# [Input for this task]

━━━━━━━━━━━━━━━━━━━━━━━━━━━━━━

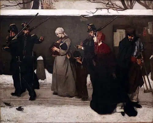 The choice of the wintry season, the gloomy light, the dark shades of the clothes and uniforms, the absence of a horizon (blocked by the dark grey wall in the background which fills the entire width of the painting), the simplicity of the characters (the cold and unwavering soldiers, the mother resigned, the lame worker with his crutch, the tearful child, and the wealthy woman attempting an act of generosity) all contribute to making this scene spontaneously moving.[2]
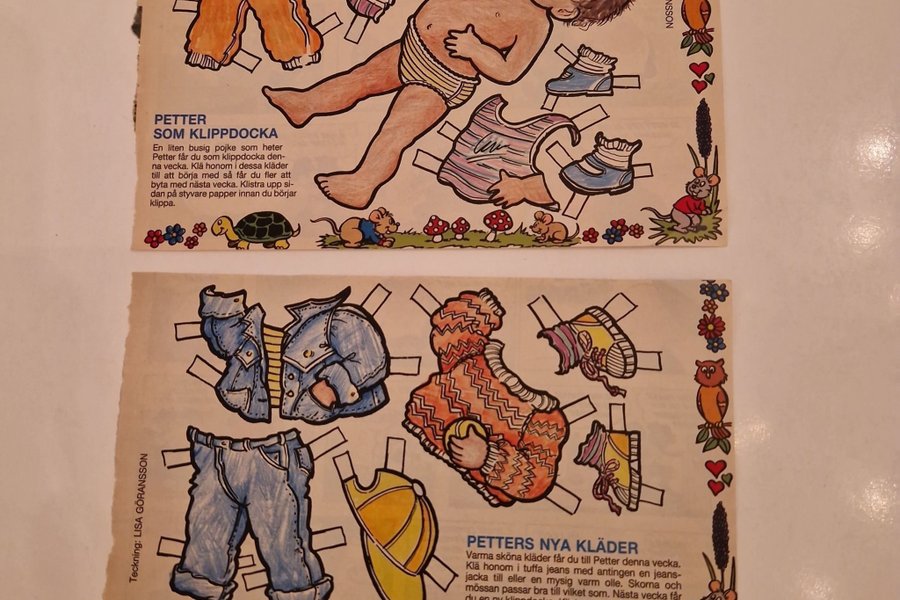 Klassisk klippdocka med Petter och hans kläder. Klipp ut och klä på honom! Perfekt för barn som gillar att pyssla och leka.
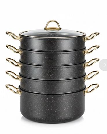 Многоярусная пароварка VICALINA VL-208 - Диаметр: 34 см - Комплектация: базовая кастрюля + 4 паровых яруса + стеклянная крышка с пароотводом - Объем: нижняя кастрюля 12,0 л; каждый ярус 6,2 л (x4)...
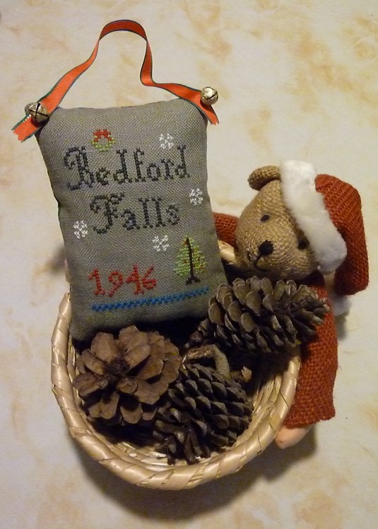 Tanya (The Sampler girl)  ha creado tres diseños relacionados con la película y he hecho uno de ellos para regalarselo a una amiga  que, como yo, en Navidad siempre tiene una cita con ¡Que bello es vivir!
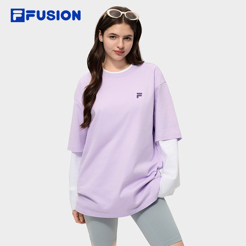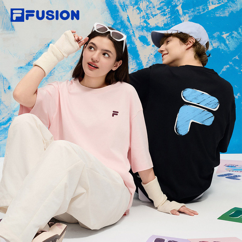 章昊同款FILA FUSION斐乐潮牌情侣款短袖2026春新年款宽松红色T恤
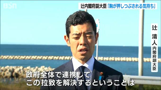 辻副大臣は「家族のことを考えると胸が押しつぶされる気持ちだ」と話し帰国を実現するために一層の努力をすると述べました。
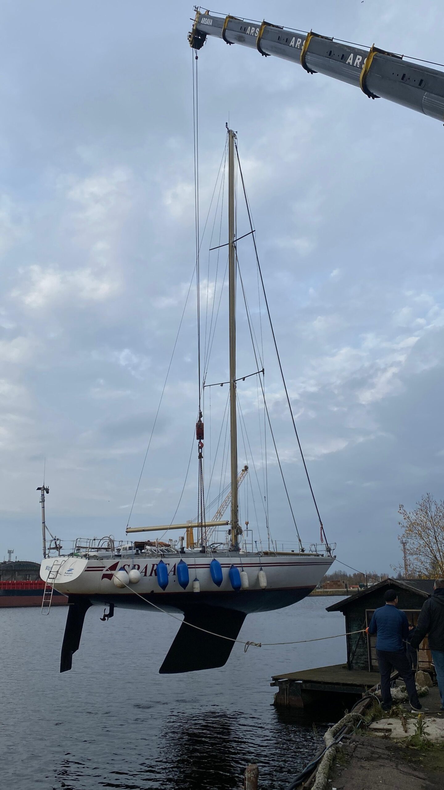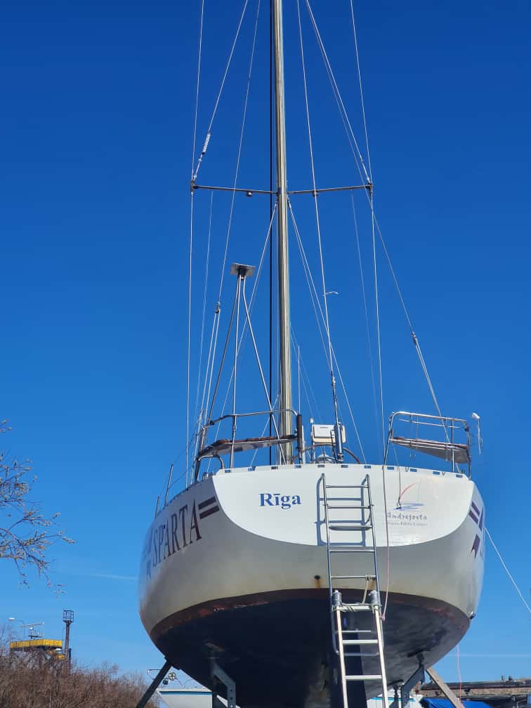 - Spinnaker poles ×2, guys, new sheets, mooring lines (2 × 40 m), 7 fenders

━━━━━━━━━━━━━━━━━━━━━━━━━━━━━━

# [Exercise description]
Nothing but the lines from the one containing "Tanya (The Sampler" through the last line of the records should appear in the copy, exactly as written and without pictures.

# [Expected output]
 Tanya (The Sampler girl)  ha creado tres diseños relacionados con la película y he hecho uno de ellos para regalarselo a una amiga  que, como yo, en Navidad siempre tiene una cita con ¡Que bello es vivir!
 章昊同款FILA FUSION斐乐潮牌情侣款短袖2026春新年款宽松红色T恤
 辻副大臣は「家族のことを考えると胸が押しつぶされる気持ちだ」と話し帰国を実現するために一層の努力をすると述べました。
 - Spinnaker poles ×2, guys, new sheets, mooring lines (2 × 40 m), 7 fenders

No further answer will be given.